就是這樣,休曼和志同道合者創建了多個身障人士權利組織,推動美國及全球平權運動的發展,並成為美國聯邦政府官員及顧問,被譽為「身障人權運動之母」。
我正在閱讀的另一本書是普利策新聞獎獲得者約瑟夫·夏皮羅(Joseph P. Shapiro)的《並不可憐:身障人士塑造新的民權運動》(No Pity: People with Disabilities Forging a New Civil Rights Movement)。作者說,身障本身並不可悲,也不可憐,這種簡單而又反傳統的思想是身障人士新權利運動的核心。在這本書中,夏皮羅引述了休曼的一句話,對於他寫作的主題來說可謂畫龍點睛。休曼並不認為成為身障人士就是人生悲劇。她說:「只有當社會無法提供我們生活所需的東西(例如工作機會或無障礙建築)時,身障才會成為我的悲劇。對我來說,坐在輪椅上生活並不是悲劇。」
身障人士的權利與專制政治的「保護」
陳俊翰律師在要求人們「看到身為人的價值、能力與應受到的基本尊重」時,批評了「中國社會的發展」,強調了人權、民主、自由和價值進步。這可能會影響很多中國讀者的「感動」。我認為這並不僅僅是因為陳俊翰支持民進黨,更是因為傳統教育對身障人士人權的理解不同。
在中國這樣的社會,身障人士的權利往往被理解為對他們無微不至的照料。也有身障人士成為「人民代表」或者「政協委員」,但是這也是對他們照料的結果,是「正常人士」讓給他們的福利。
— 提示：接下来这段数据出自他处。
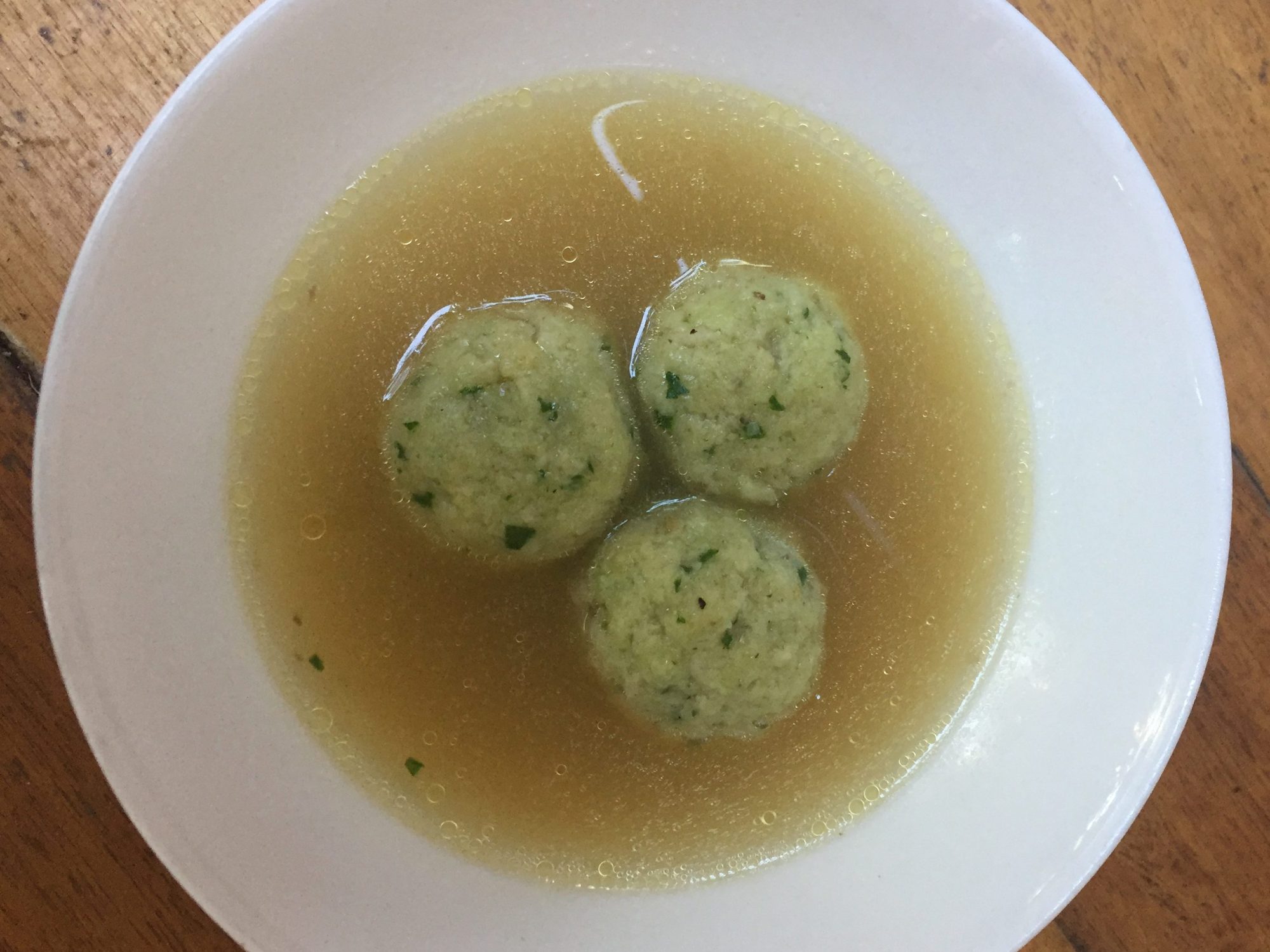 The dumplings are often served with a chicken broth, but for me the beef bone broth is perfect.

因此,身障人士的標準形象,就是一邊「身殘(障)志堅」,一邊對政府和「人民」滿懷感激。如果要從政,他們就得甘當飾品,被利用和被消費。
很多中國人出國之後很不適應的一件事情就是看見到處都有身障人士。在中國,身障人士往往被家人或者社區「保護」起來,是不能隨便出門的。尤其是北京要舉行國際殘奧會的時候,運動場之外的身障人士是要被好好「照料」到隱身狀態的。
休曼在她的自傳的前言裡,談的主要就是政治:專制政府對於身障人士的「保護」。她的父母都是從納粹德國逃到美國的難民。她說,如果她早出生十年,那麼她一定會被送到納粹的「福利院」。在那裡,她得到的最終「照料」和「保護」就是被殺死--「希特勒的大規模種族滅絕,就是從屠殺身障兒童開始的」。
作者長平是中國資深媒體人、時事評論作家,六四記憶·人權博物館總策展人,現居德國。